Po przyjeździe poszłaś w odwiedziny do Teppeia, przy okazji nic mu nie mówiąc. Zapukałaś do drzwi, które po chwili otworzyła babcia chłopaka. Na powitanie przytuliła cię i powiadomiła, że Kiyoshi jest u siebie w pokoju. Zrobiłaś " z buta wjeżdżam" czym zaskoczyłaś leżącego na łóżku Teppeia. 

- ( imię)? (imię )?! - zaskoczony zerwał się z łóżka i wziął cię w ramiona. Chłopak posadził cię na swoich kolanach i jeszcze mocniej przytulił. Kołysał was na boki i co chwile całował w usta. 
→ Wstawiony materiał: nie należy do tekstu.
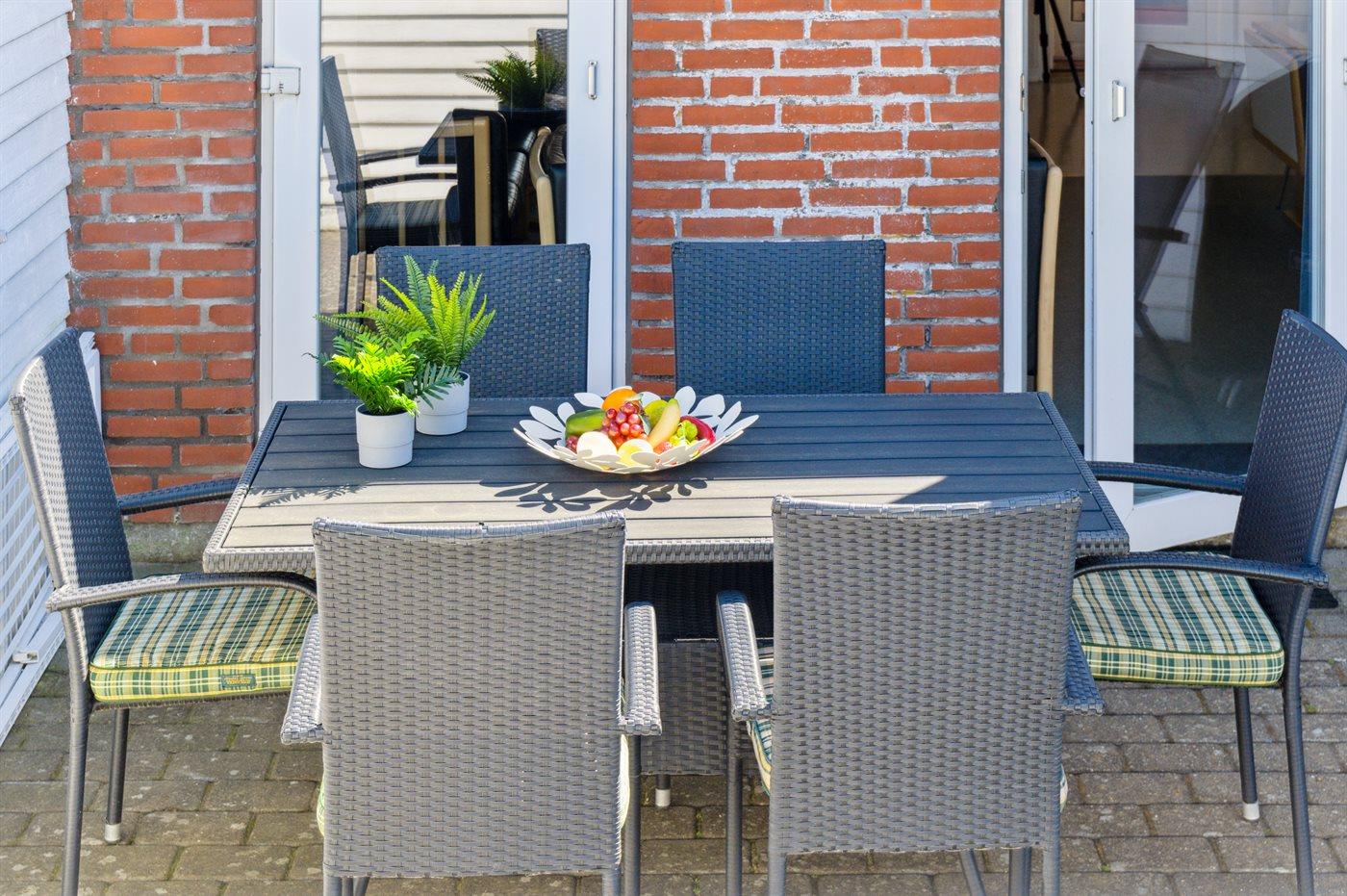 Hyggelig ferielejlighed i RIM feriecenter med terrasse, fælles pool og sauna, tæt på Vadehavet og golfbane.

- Zaraz będzie obiad, zostaniesz? - zrobił oczy godne samego kota ze Shreka. 

- Jasne - uśmiechnęłaś się delikatnie.  Przez resztę dnia chłopak nie chciał się od ciebie odkleić. 


Mitobe Rinnosuke:

- Wiecie gdzie jest Mitobe? - spytałaś przechodzących obok kolegów z klasy. 

- Z tego co mi się wydaje to wyszedł na boisko, a jak było u babci? dobrze się czuje ? - spytał Koga.

- Dzięki! Potem pogadamy!

Wyminęłaś go i pobiegłaś na boisko szkolne. Nie zwracałaś uwagi na nauczycieli , którzy krzyczeli, że nie można biegać po szkole. Zdyszana dotarłaś na boisko.  Nigdzie nie mogłaś znaleźć swojego ukochanego. Nagle poczułaś silne ramiona oplatające się wokół twojej tali. Podskoczyłaś przestraszona. 

- Mitobe?

Chłopak pociągnął cię za sobą i usiedliście pod drzewem. Usadowiłaś się między jego nogami i wtuliłaś się w niego. Przytulaliście się długo nadrabiając stracony czas. 


Makoto Hanamiya: 

- Ty mała cholero! - krzyknął na twój widok. Na twoje nieszczęście byliście sami w twoim domu.

- Ja? - spytałaś niepewnie - Makoto jak się tu dostałeś?

- Nie zmieniaj tematu, głupia! - warknął zły. Czarno-włosy zaczął się do ciebie przybliżać. Z Każdym jego krokiem, ty się cofałaś aż wreszcie ściana uniemożliwiła ci dalszą ucieczkę. 

- I co teraz zrobisz? - w tej chwili byłaś na jego łasce. 

- Przepraszam?

- Myślisz, że to wystarczy? - postanowiłaś ratować swoje życie. Podeszłaś do chłopaka  i ujęłaś jego twarz w dłonie , po czym lekko pocałowałaś w usta co Makoto  od razu odwzajemnił. Gdy się od siebie oderwaliście spytałaś:

- Czy teraz wystarczy?

- Przejdzie - ponownie cię pocałował. 





Kolejny rozdział za nami. Staram się pisać coraz dłuższe scenariusze, więc proszę o cierpliwość. Trudno było mi się zabrać do pisania ale na szczęście się udało. Pisząc to prawie zapomniałam o Mitobe, jednej z lepszych postaci haha. Pamiętajcie, że jestem otwarta na nowe pomysły.